▶ [Exercise details]:
Copy out the full listing below as it stands, with its pictures left behind.

▶ [Source data]:
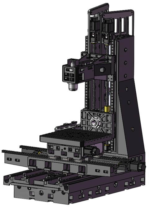 | ■ Maschinenstruktur HV5F-Serie Die Werkzeugmaschinen verfügen über eine feste Portalsäule mit integrierter Bettkonstruktion, die eine weitgespannte H-förmige Portalsäule und eine frontseitig aufgehängte Kastenkonstruktion aufweist. In Verbindung mit einer breiten und schweren Vierrollen-Linearführungsbasis zeichnen sich die Werkzeugmaschinen durch hohe Steifigkeit und hohe Präzision aus. Die gesamte Werkzeugmaschine ist professionell konstruiert und gefertigt, mit Fokus auf niedrigen Schwerpunkt, Verdrehsicherheit und Eignung für schwere Zerspanung. Mithilfe der Finite-Elemente-Analyse (FEM) werden Form und Position der Verstärkungsrippen der Gussteile optimiert, um die optimale Festigkeit des Bettes zu erreichen. Zusätzlich wurden Basis und Y-Achsen-Säule speziell verstärkt, um die Bettstruktur für schwere Zerspanung zu optimieren und die Werkzeugstandzeit zu erhöhen. |
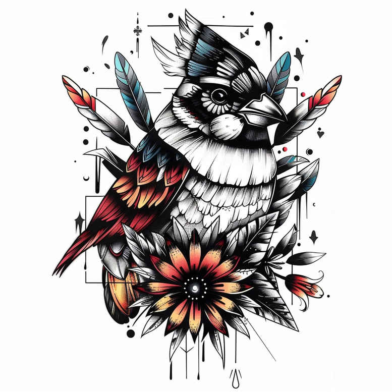 This color tattoo design presents an owl and sunflower motif rendered with fine line precision and bold black outlines. The central owl sits above a vivid sunflower, its petals warm pinks and oranges while blue-green leaves weave through the composition, balanced by crisp linework and color accents that create depth and motion. The piece uses negative space to keep the image legible on skin, while geometric accents add a contemporary graphic edge. Key elements are the owl, sunflower, and leaves, with supportive motifs echoing ink splashes and linear pattern. Symbolically, the owl embodies wisdom and watchfulness while the sunflower stands for vitality and renewal, making this a meaningful tattoo choice for nature lovers or those seeking a statement piece. Technically, it blends fine line tattoo technique with saturated color blocks, delivering a color-drenched effect that remains durable and legible over time. Although the scene centers on natural imagery, its graphic patterns align with modern tattoo aesthetics and adapt well to placements from forearm to back. In the broader tattoo vocabulary, this design sits among meaningful tattoos and can be reimagined as lotus flower tattoo, infinity tattoo, tribal tattoo, or rose tattoo design for a customized portfolio. As an AI-generated tattoo project, it demonstrates how digital concepts translate into tattoo-ready artwork, guiding decisions on line weight, color harmony, and flow across the body. The result is a versatile piece of body art that resonates with lovers of Japanese style tattoo influences, realism, and fine-line precision while staying anchored in botanical iconography and ink finesse, with attention to symbolism, composition, and longevity.
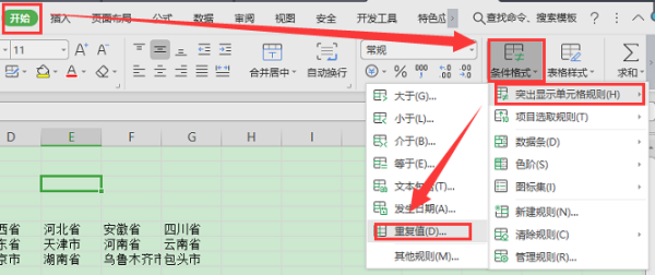 第二种方法:“开始”--->“条件格式”--->“突出显示单元格规则”--->“重复值”,将重复单元格标色后再打开数据--筛选,按颜色筛选。不带颜色是唯一值,带颜色的是重复值。

▶ [Output]:
 | ■ Maschinenstruktur HV5F-Serie Die Werkzeugmaschinen verfügen über eine feste Portalsäule mit integrierter Bettkonstruktion, die eine weitgespannte H-förmige Portalsäule und eine frontseitig aufgehängte Kastenkonstruktion aufweist. In Verbindung mit einer breiten und schweren Vierrollen-Linearführungsbasis zeichnen sich die Werkzeugmaschinen durch hohe Steifigkeit und hohe Präzision aus. Die gesamte Werkzeugmaschine ist professionell konstruiert und gefertigt, mit Fokus auf niedrigen Schwerpunkt, Verdrehsicherheit und Eignung für schwere Zerspanung. Mithilfe der Finite-Elemente-Analyse (FEM) werden Form und Position der Verstärkungsrippen der Gussteile optimiert, um die optimale Festigkeit des Bettes zu erreichen. Zusätzlich wurden Basis und Y-Achsen-Säule speziell verstärkt, um die Bettstruktur für schwere Zerspanung zu optimieren und die Werkzeugstandzeit zu erhöhen. |
 This color tattoo design presents an owl and sunflower motif rendered with fine line precision and bold black outlines. The central owl sits above a vivid sunflower, its petals warm pinks and oranges while blue-green leaves weave through the composition, balanced by crisp linework and color accents that create depth and motion. The piece uses negative space to keep the image legible on skin, while geometric accents add a contemporary graphic edge. Key elements are the owl, sunflower, and leaves, with supportive motifs echoing ink splashes and linear pattern. Symbolically, the owl embodies wisdom and watchfulness while the sunflower stands for vitality and renewal, making this a meaningful tattoo choice for nature lovers or those seeking a statement piece. Technically, it blends fine line tattoo technique with saturated color blocks, delivering a color-drenched effect that remains durable and legible over time. Although the scene centers on natural imagery, its graphic patterns align with modern tattoo aesthetics and adapt well to placements from forearm to back. In the broader tattoo vocabulary, this design sits among meaningful tattoos and can be reimagined as lotus flower tattoo, infinity tattoo, tribal tattoo, or rose tattoo design for a customized portfolio. As an AI-generated tattoo project, it demonstrates how digital concepts translate into tattoo-ready artwork, guiding decisions on line weight, color harmony, and flow across the body. The result is a versatile piece of body art that resonates with lovers of Japanese style tattoo influences, realism, and fine-line precision while staying anchored in botanical iconography and ink finesse, with attention to symbolism, composition, and longevity.
 第二种方法:“开始”--->“条件格式”--->“突出显示单元格规则”--->“重复值”,将重复单元格标色后再打开数据--筛选,按颜色筛选。不带颜色是唯一值,带颜色的是重复值。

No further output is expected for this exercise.